What you are asked to do >>
Each line below should be repeated exactly as written, with no pictures carried over.

Data provided >>
-- Opening Marker --
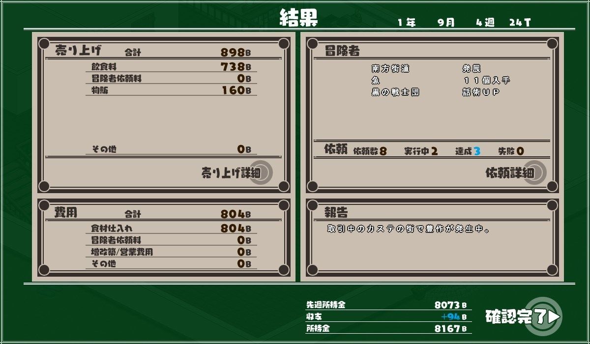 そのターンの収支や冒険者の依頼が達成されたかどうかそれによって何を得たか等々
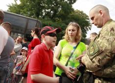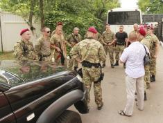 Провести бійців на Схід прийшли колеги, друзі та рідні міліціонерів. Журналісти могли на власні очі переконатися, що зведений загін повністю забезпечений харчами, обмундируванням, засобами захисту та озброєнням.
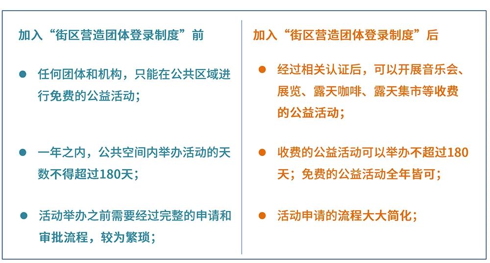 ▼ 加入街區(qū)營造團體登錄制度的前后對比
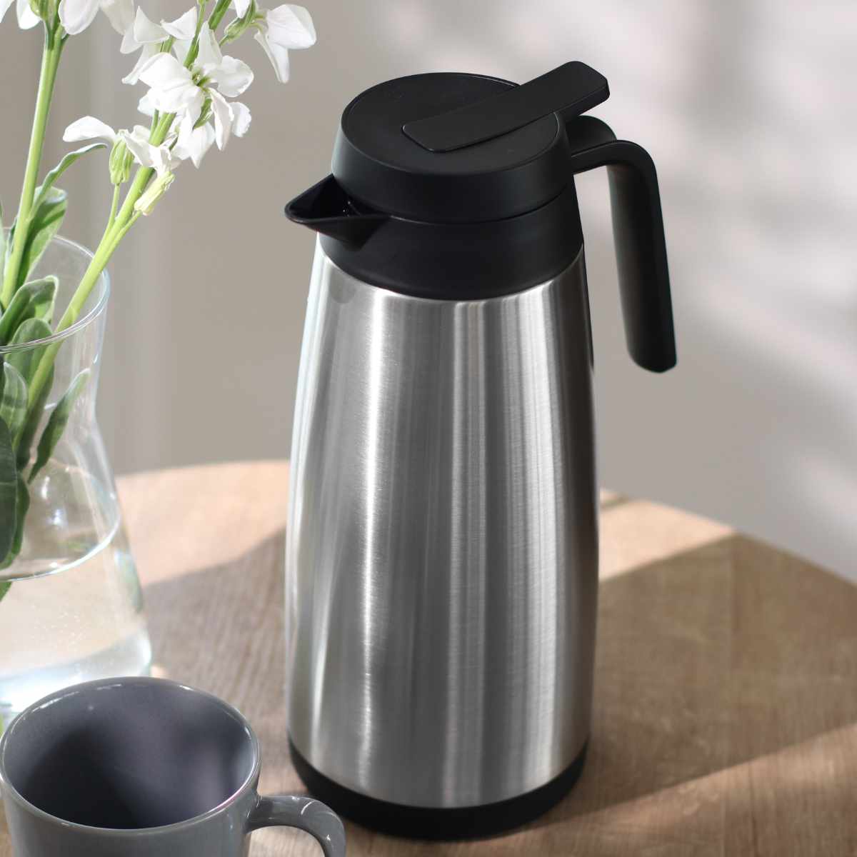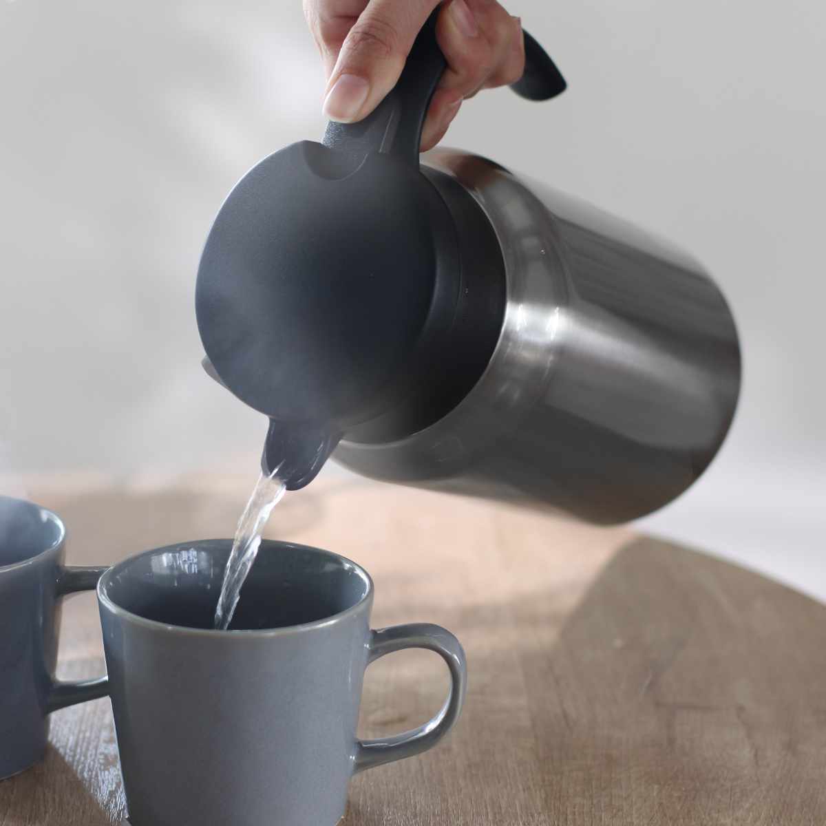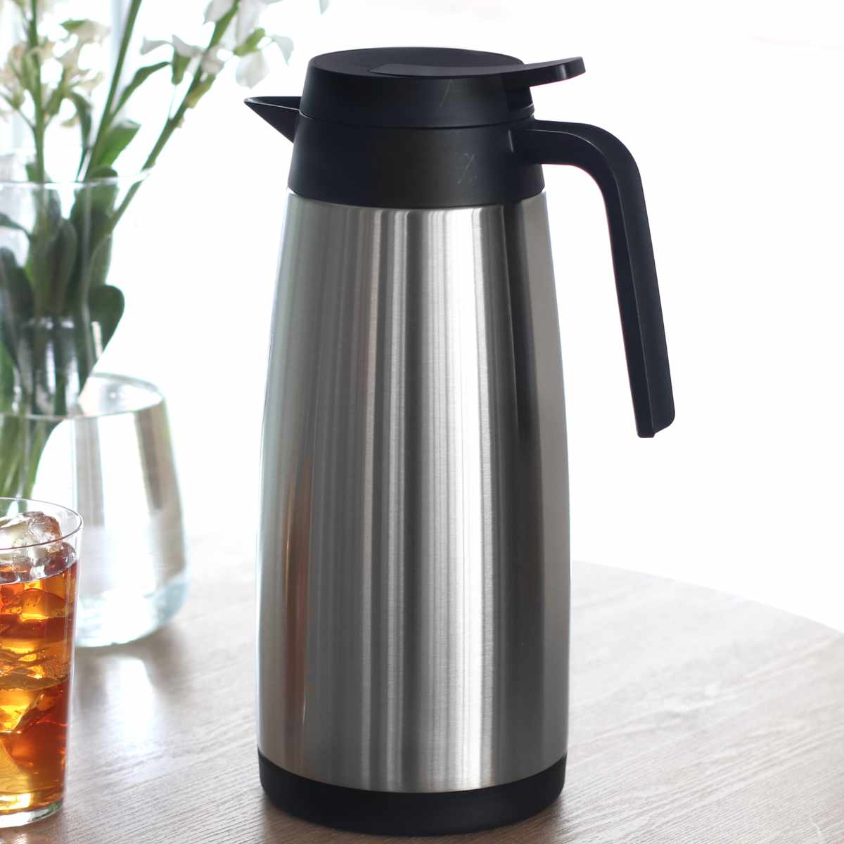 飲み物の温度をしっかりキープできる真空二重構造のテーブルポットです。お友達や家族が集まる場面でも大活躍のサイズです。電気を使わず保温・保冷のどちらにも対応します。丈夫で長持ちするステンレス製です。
-- Closing Marker --
Task solution >>
 そのターンの収支や冒険者の依頼が達成されたかどうかそれによって何を得たか等々
 Провести бійців на Схід прийшли колеги, друзі та рідні міліціонерів. Журналісти могли на власні очі переконатися, що зведений загін повністю забезпечений харчами, обмундируванням, засобами захисту та озброєнням.
 ▼ 加入街區(qū)營造團體登錄制度的前后對比
 飲み物の温度をしっかりキープできる真空二重構造のテーブルポットです。お友達や家族が集まる場面でも大活躍のサイズです。電気を使わず保温・保冷のどちらにも対応します。丈夫で長持ちするステンレス製です。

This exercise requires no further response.